Most if not many commercial skippers have given up on crab fishing this year as the lucrative holiday season as passed. This time of the year they would normally be preparing their vessels for summer fisheries, including King salmon.

But several witnesses Thursday forecast what most in the industry already have anticipated: a collapse, or near collapse, of key salmon runs in the state is expected to restrict fishing opportunities severely this year.

Experts say the delayed impact of five years of drought is now reaching its peak in salmon runs, which have withered in California because of poor reproduction in drought-starved creeks and rivers.

Where the state’s commercial salmon harvest was worth $52 million in 2013, it fell to $31 million in 2014 and is expected, based on preliminary figures, to be half of that last year, McGuire said.

This year looks to be worse, he said.

“I cannot say this more bluntly,” McGuire said. “We are facing a fishery disaster here in California, and families who have relied on the mighty Pacific for their livelihood are on the brink.”

His comments were a clear message to the U.S. Department of Commerce in Washington, where officials are considering a request by Gov. Jerry Brown to declare a fishery disaster, a move that would make anglers and others affected by the crab closure eligible for financial help.

But even assuming a declaration is made, any aid depends on the willingness of Congress to appropriate funds, Bonham said.

A declaration “is not a slam dunk for funds,” said Assemblyman Jim Wood, D-Healdsburg, the committee’s vice chairman.

But “I think it’s important to know that we have been working on this since the beginning,” Wood said, “since we knew there was going to be a closure.”

In an interview Thursday, North Coast Rep. Jared Huffman, D-San Rafael, said he expected months of work on the part of California’s congressional delegation will enable the declaration to come more expeditiously than it otherwise might have. Federal officials often take months to make such decisions.

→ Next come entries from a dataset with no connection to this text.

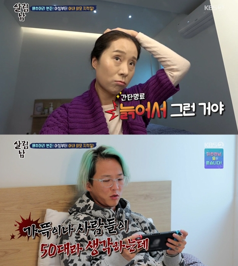 이날 팝핀현준은 아내 박애리에게 "가뜩이나 사람들이 50대인 줄 아는데 억울하지 않냐"고 핀잔을 줬다.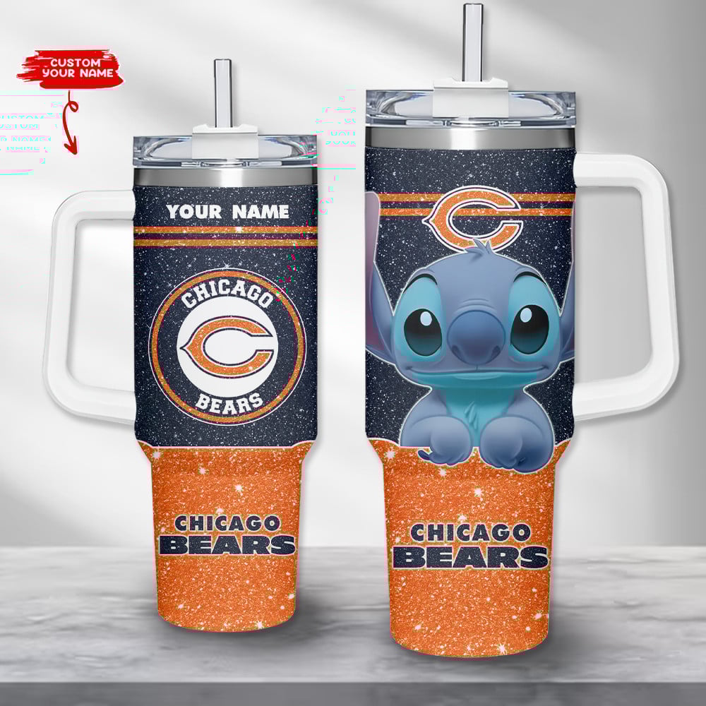 Show your team spirit with this personalized Chicago Bears tumbler featuring a cute character design. Perfect for keeping drinks hot or cold on the go!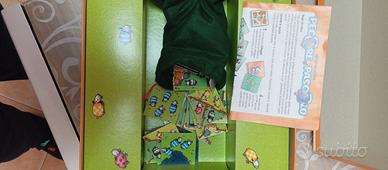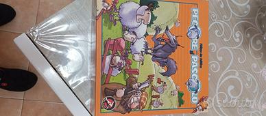 Gioco divertente di piazzamento tessere con pecore lupi e cacciatori
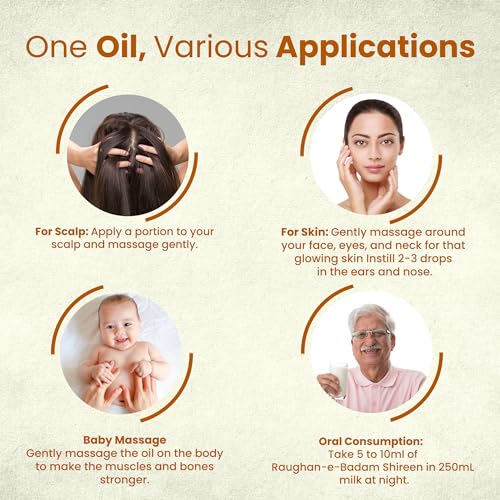 Almond oil had been used extensively for its health benefits and as a beauty aid much before science caught up with its goodness. Its purity is something you can trust with your eyes closed. The sweet almond oil has all your health and beauty secrets packed in a bottle and comes exclusively from edible almonds is selectively cultivated for their sweet taste. It is the oil popularly used for skin and hair care. It has many culinary uses too. Rogan badam shirin a sweet almond oil it's perfect health Goof For heart Fight Dandruff Nourishes Skin prenatal / postnatal care.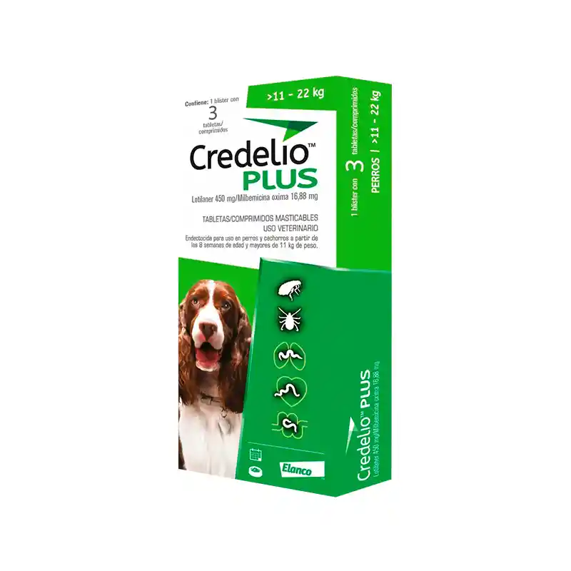 Composición Lotilaner + Milbemicima Oxima Descripción Credelio PLUS™ (Lotilaner + Milbemicina Oxima) es una solución integral para la protección de sus pacientes caninos contra pulgas, garrapatas, gusanos intestinales, gusano del corazón y gusano pulmonar. Seguro para perros a partir de 1.4 kg y 8 semanas de edad. Tableta masticable ideal para facilitar su administración.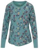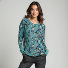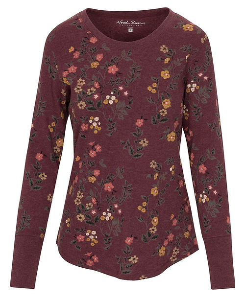 A Women's long-sleeved Wildflower Waffle Crew sweater with a round neckline. The sweater is made of a soft comfortable .The overall look is casual and relaxed.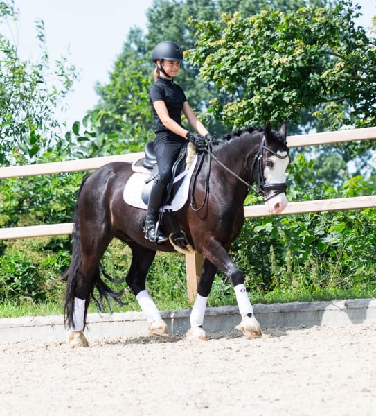We are reluctantly offering our Captain Keks into loving hands. He is a very special pony – stunningly beautiful, expressive, and with a heart of gold. With his elegant appearance, blue eye, and friendly nature, he attracts attention everywhere – whether in the stable or on the competition arena. • Name: Captain Keks • Breed: Welsh Cob (Section D) • Gender: Gelding • Born: 2014 • Height: approx. 14.2 hh • Training: Dressage up to Class A** • Achievements: Placed in A*-level dressage, very successful in WBO competitions • Health: Always healthy, comprehensive pre-purchase exam from 2023 available • Very affectionate, friendly, and easy-going in handling • Loading and farrier-friendly • Well-behaved, honest, eager to work – always strives to do his best • Expressive with a solid basic training • Ideal for ambitious leisure riders or experienced children Captain Keks is not suitable for absolute beginners. He needs a consistent, clear rider who can handle him with love but also with confidence. At competitions, he can sometimes be a bit impressed, especially in noisy environments. At home, he remains calm, well-behaved, and reliable. As our daughter is moving into show jumping and transitioning to a larger horse, we are now seeking a suitable, long-term home for Keks. We will only rehome Captain Keks to a 5-star home – preferably to an experienced horse-owning family or a mother-daughter team who recognize his strengths, can handle his sensitive nature, and continue to support his development. If genuinely interested, we are happy to send a current video.

“I think we’ve seen this coming for some time, and my hope is that some of that normal processing time can be shortened significantly,” Huffman said.

A bill has been drafted to appropriate money for disaster relief, he said. Given that a disaster declaration is made by the Secretary of Commerce, that legislation could be acted on quickly or advance through the ordinary and more prolonged budgeting process, he said.